MS. SANDERS: Again, we've had tough conversations with Russia. We've been tough on them with our policy. As I stated this morning, we can be tough on more than one country at a time, and that's exactly what we're doing.
Q: Thanks, Sarah. Could you explain a little bit of the threshold that the President has for taking away a former official's security clearance? Is it his position then that any former Obama administration official who holds clearance and does make political statements about him should have their clearance revoked? Or is it just limited to the names right now that you read?
MS. SANDERS: As of right now, we are exploring the mechanism on those specific names. I'll keep you posted when there's further information.
Q: Thanks a lot, Sarah. The language the President used in the tweet that he sent out last night was very similar to the language he used last August in New Jersey, when he spoke of fire and fury being rained down on North Korea. And, of course, that led to a one-on-one meeting the President ultimately had with Kim Jong Un. Is the President open to diplomacy with Iran, meeting perhaps one-on-one with President Rouhani?

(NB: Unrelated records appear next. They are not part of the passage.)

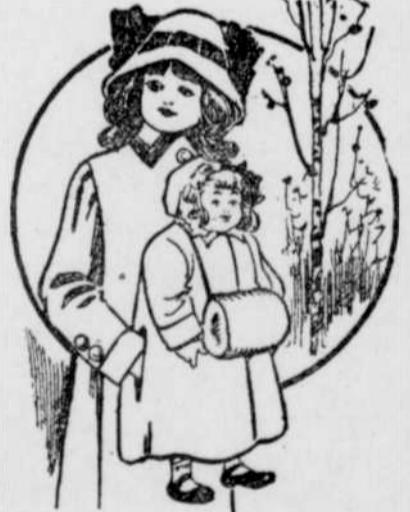
Use Doll for Muff.

A doll that is also a muff, or a muff that is a doll, whichever way you like, has been invented by a New York man. The doll has the outward
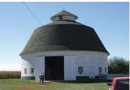
Dobbins round barn
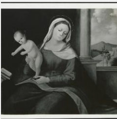
K1165 - Photograph, circa 1930s-1960s
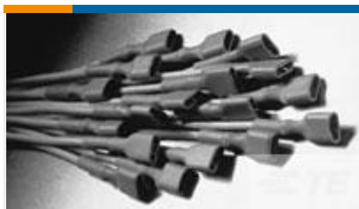
TE Part #5426974001 LSTT-25.4-0-SP
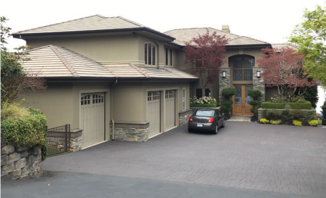
Grade 12/ Year Built 1997 /Total Living Area 8,400
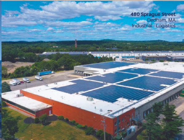
480 Sprague Street Dedham, MA Industrial - Logistics
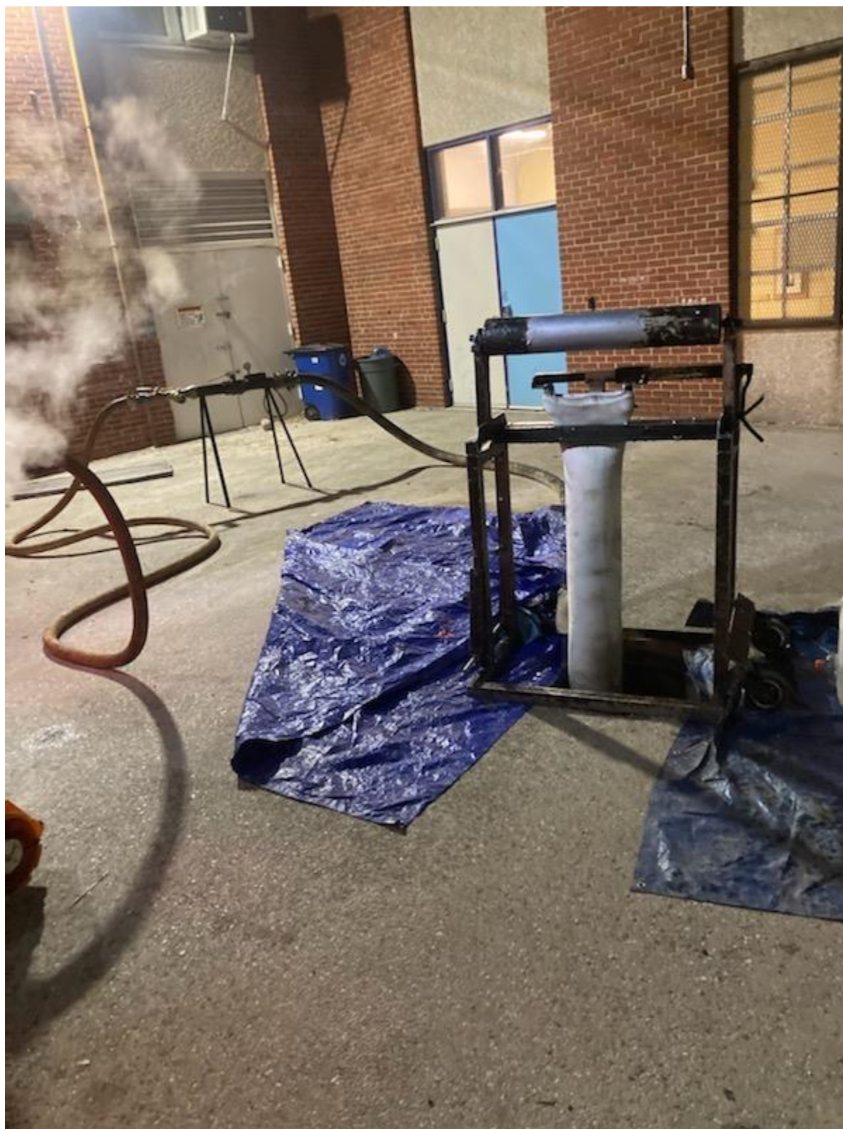
Figure 3-4: SC 941 – Sewer lining
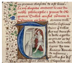
The assassination of Cicero , unknown.

http://upload.wikimedia.org/wikipedia/commons/a/a6/Cicero Discovering the Tomb of Archimedes by Benjamin West.jpeg
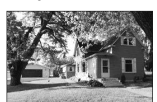
136 E. Turner - Irene

Open floor plan, great for entertaining. 3-bedrooms possible 4th. Above grade lower level family room, fenced yard, energy efficient heat pump. (605)760-5670 http://www.yankton.net/app/html/106grove/
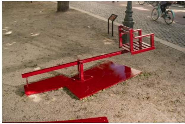
To Take the Chair and Find the Water Cold, 2025
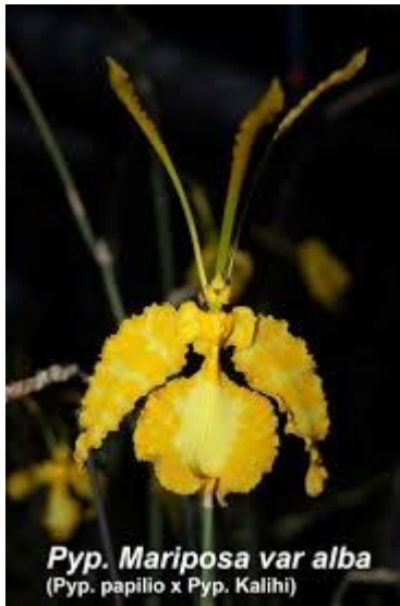
Pyp. Mariposa var alba (Pyp. papilio x Pyp. Kalihi)

The committee would like to thank those generous members that provide the goodies for afternoon tea and also the members who bring in plants etc. for our monthly raffles. Also we thank the people who help set up and clean up the hall as with many hands it doesn't take very long.

MS. SANDERS: I'm not going to negotiate what the specifics that the President or the administration will be looking at. Again, our goal is to stop Iran from nuclear weapons, and we'll keep you posted as we move through that process.
Q: Can I ask you about your statement regarding Judge Kavanaugh, I think you made at the very top? There is one Republican senator who says he's undecided. Well, there's a few that say they're undecided. But Rand Paul, in particular, says, "I'm honestly undecided. I am very concerned about his position on privacy and the Fourth Amendment." Are you concerned about losing Rand Paul once this vote for Judge Kavanaugh ultimately gets to the floor of the Senate?
MS. SANDERS: We're certainly hopeful that Senator Paul will do the right thing and vote for this very highly qualified nominee.
Q: Yes, Sarah. Flipping around Jon's question about Iran, considering the comments that we've heard in the past day from the President's tweet, Ambassador Bolton's statement, which you put out, and Secretary Pompeo's speech last night, what is stopping this administration from just openly advocating regime change in Iran?
MS. SANDERS: Again, our focus is on stopping Iran from having nuclear weapons, regardless of who is there. That's what our priority is. And if we have any further announcements on that front, I'll let you know. But the President and his administration are going to continue pushing and advocating for that.
Q: Sarah, regarding one of the stories that broke on Friday, how did the President feel when he found out that his longtime lawyer and fixer had reported him surreptitiously?
MS. SANDERS: While the President maintains that he's done nothing wrong, on this specific topic I'd refer you to the President's outside counsel.
Q: Does the President still deny that he ever had a relationship with a woman named Karen McDougal?
MS. SANDERS: Once again, the President maintains that he's done nothing wrong, and I would refer you to Rudy Giuliani for all questions on that matter.
Q: Sarah, I just wanted to follow up first on this statement you made about Brennan and his security clearance. Are you considering any additional actions against Brennan and the other names you read off? In addition to revoking their security clearance, is there any other action under review?
MS. SANDERS: Not that I'm aware of.
Q: And then, to go back real quick to the Russia investigation -- so the FISA application on Carter Page states that he is a Russian agent involved in clandestine activities. Given that the President continues to say there was no collusion between his campaign and Russia, is he concerned or does he not believe the intelligence community's assessment that Carter Page was a Russian agent?
MS. SANDERS: Again, I think that we've spoken extensively what our position is on this, and we have no changes to that.
Q: The President is threatening to punish Brennan and Comey and Clapper for saying things about him that he doesn't like. Is that presidential?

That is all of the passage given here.